101
votes

In C we log this way:

syslog( LOG_INFO, "proxying %s", url );

In Linux how can we check the log?

7
Doesn't the function syslog write to the system log? (Unless you're talking about the lower-level one for accessing the kernel message ring buffer, but I doubt url is an int.)Cascabel
this Q should be migrated to unix.SE.com, not sure if it's worth it to flag for mod's attention (I flagged).Alexander Malakhov

7 Answers

160
votes

How about less /var/log/syslog?

43
votes

On Fedora 19, it looks like the answer is /var/log/messages. Although check /etc/rsyslog.conf if it has been changed.

32
votes

By default it's logged into system log at /var/log/syslog, so it can be read by:

tail -f /var/log/syslog

If the file doesn't exist, check /etc/syslog.conf to see configuration file for syslogd. Note that the configuration file could be different, so check the running process if it's using different file:

# ps wuax | grep syslog
root      /sbin/syslogd -f /etc/syslog-knoppix.conf

Note: In some distributions (such as Knoppix) all logged messages could be sent into different terminal (e.g. /dev/tty12), so to access e.g. tty12 try pressing Control+Alt+F12.

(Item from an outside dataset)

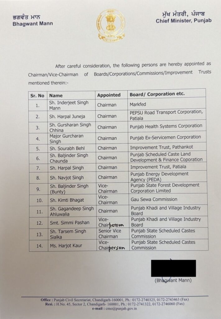 ਪੰਜਾਬ ਦੇ ਮੁੱਖ ਮੰਤਰੀ ਭਗਵੰਤ ਮਾਨ ਵੱਲੋਂ ਵੱਖ ਵੱਖ ਵਿਭਾਗਾਂ ਦੇ ਚੇਅਰਮੈਨ ਅਤੇ ਵਾਈਸ ਚੇਅਰਮੈਨ ਨਿਯੁਕਤ ਕੀਤੇ ਗਏ ਹਨ। ਮੁੱਖ ਮੰਤਰੀ ਵੱਲੋਂ 14 ਚੇਅਰਮੈਨ ਤੇ ਵਾਈਸ ਚੇਅਰਮੈਨ ਲਗਾਏ ਗਏ। ਮੁੱਖ ਮੰਤਰੀ ਨੇ ਸਾਰਿਆਂ ਨੂੰ ਨਵੀਂ ਜ਼ਿੰਮੇਵਾਰੀ ਲਈ ਬਹੁਤ-ਬਹੁਤ ਵਧਾਈਆਂ ਤੇ ਸ਼ੁੱਭਕਾਮਨਾਵਾਂ ਦਿੱਤੀਆਂ ਅਤੇ ਕਿਹਾ, ਉਮੀਦ ਕਰਦੇ ਹਾਂ ਕਿ ਸਾਰੇ ਆਪਣੀ ਜ਼ਿੰਮੇਵਾਰੀ ਨੂੰ ਪੂਰੀ ਤਨਦੇਹੀ ਨਾਲ ਨਿਭਾਉਣਗੇ ਅਤੇ ਪੰਜਾਬ ਨੂੰ ਰੰਗਲਾ ਪੰਜਾਬ ਬਣਾਉਣ ‘ਚ ਆਪਣਾ ਅਹਿਮ ਯੋਗਦਾਨ ਪਾਉਣਗੇ।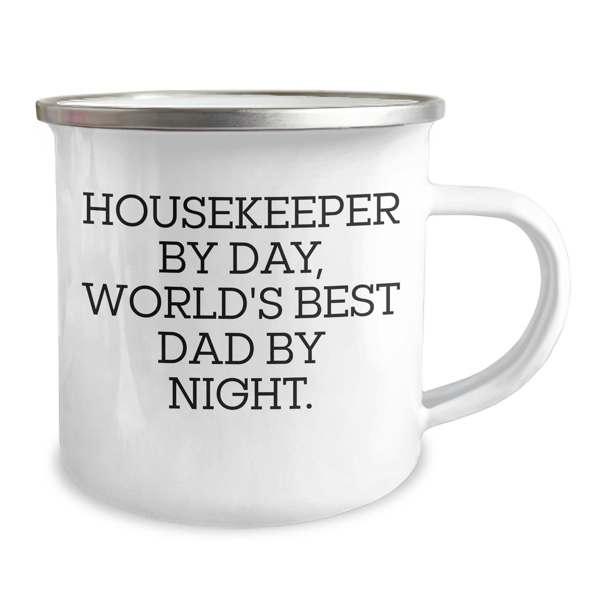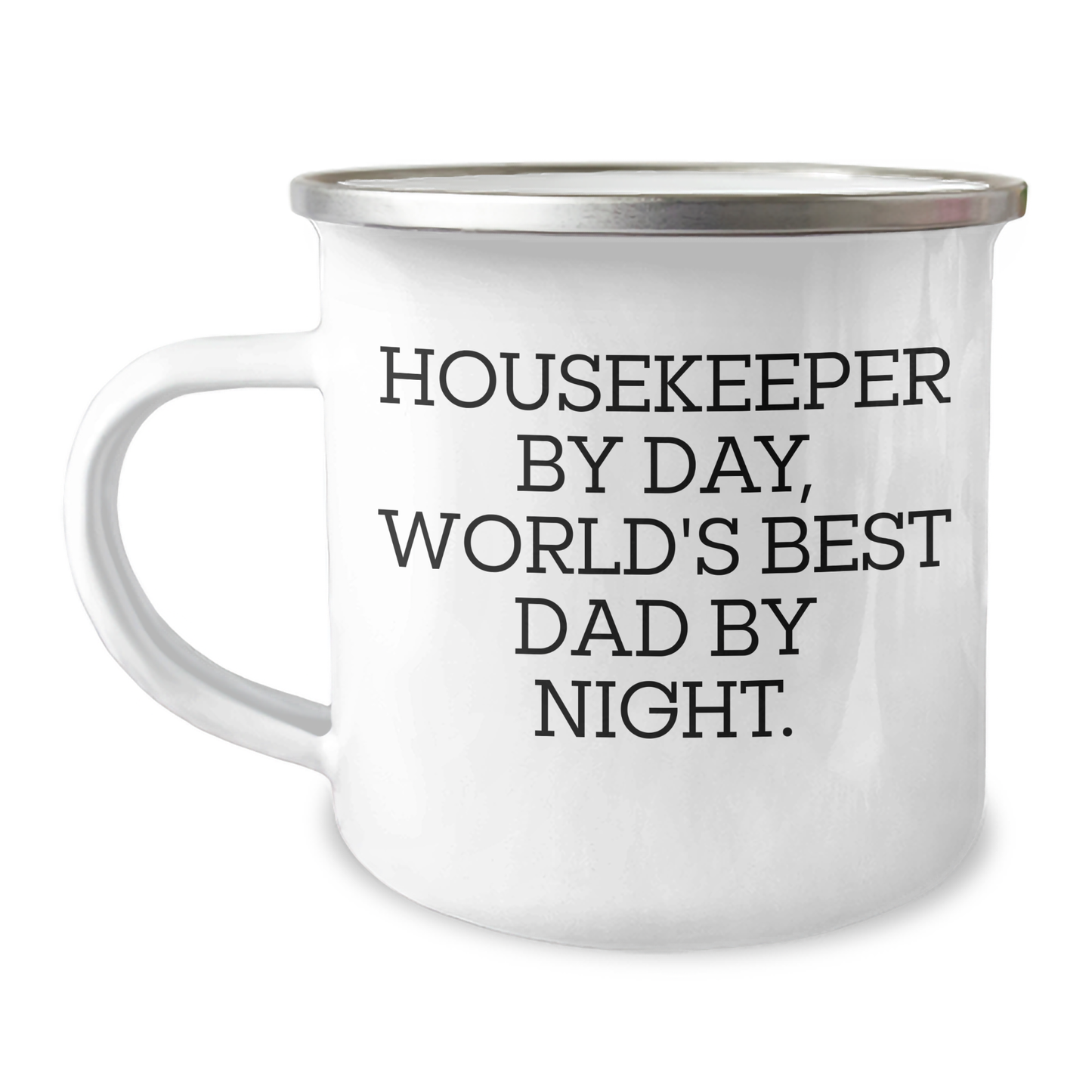 - Get ready for a camping adventure like no other with this 'Housekeeper By Day, World's Best Dad By Night.' stainless steel camping mug, designed specifically for housekeepers who love the outdoors! With a 12 oz capacity, it's the perfect size for your morning coffee or tea, and the enamel finish ensures durability and resistance to scratches.

You can also use lsof tool to find out which log file the syslogd process is using, e.g.

sudo lsof -p $(pgrep syslog) | grep log$ 

To send the test message to syslogd in shell, you may try:

echo test | logger

For troubleshooting use a trace tool (strace on Linux, dtruss on Unix), e.g.:

sudo strace -fp $(cat /var/run/syslogd.pid)
25
votes

A very cool util is journalctl.

For example, to show syslog to console: journalctl -t <syslog-ident>, where <syslog-ident> is identity you gave to function openlog to initialize syslog.

14
votes

tail -f /var/log/syslog | grep process_name where process_name is the name of the process we are interested in

3
votes

If you like Vim, it has built-in syntax highlighting for the syslog file, e.g. it will highlight error messages in red.

vi +'syntax on' /var/log/syslog
0
votes

On some Linux systems (e.g. Debian and Ubuntu) syslog is rotated daily and you have multiple log files where two newest files are uncompressed while older ones are compressed:

$ ls -l /var/log/syslog*
-rw-r----- 1 root adm  888238 Aug 25 12:02 /var/log/syslog
-rw-r----- 1 root adm 1438588 Aug 25 00:05 /var/log/syslog.1
-rw-r----- 1 root adm   95161 Aug 24 00:07 /var/log/syslog.2.gz
-rw-r----- 1 root adm  103829 Aug 23 00:08 /var/log/syslog.3.gz
-rw-r----- 1 root adm   82679 Aug 22 00:06 /var/log/syslog.4.gz
-rw-r----- 1 root adm  270313 Aug 21 00:10 /var/log/syslog.5.gz
-rw-r----- 1 root adm  110724 Aug 20 00:09 /var/log/syslog.6.gz
-rw-r----- 1 root adm  178880 Aug 19 00:08 /var/log/syslog.7.gz

To search all the syslog files you can use the following commands:

$ sudo zcat -f `ls -tr /var/log/syslog*` | grep -i error | less

where zcat first decompresses and prints all syslog files (oldest first), grep makes a search and less is paging the results of the search.

To do the same but with the lines prefixed with the name of the syslog file you can use zgrep:

$ sudo zgrep -i error `ls -tr /var/log/syslog*` | less

$ zgrep -V | grep zgrep
zgrep (gzip) 1.6

In both cases sudo is required if syslog files are not readable by ordinary users.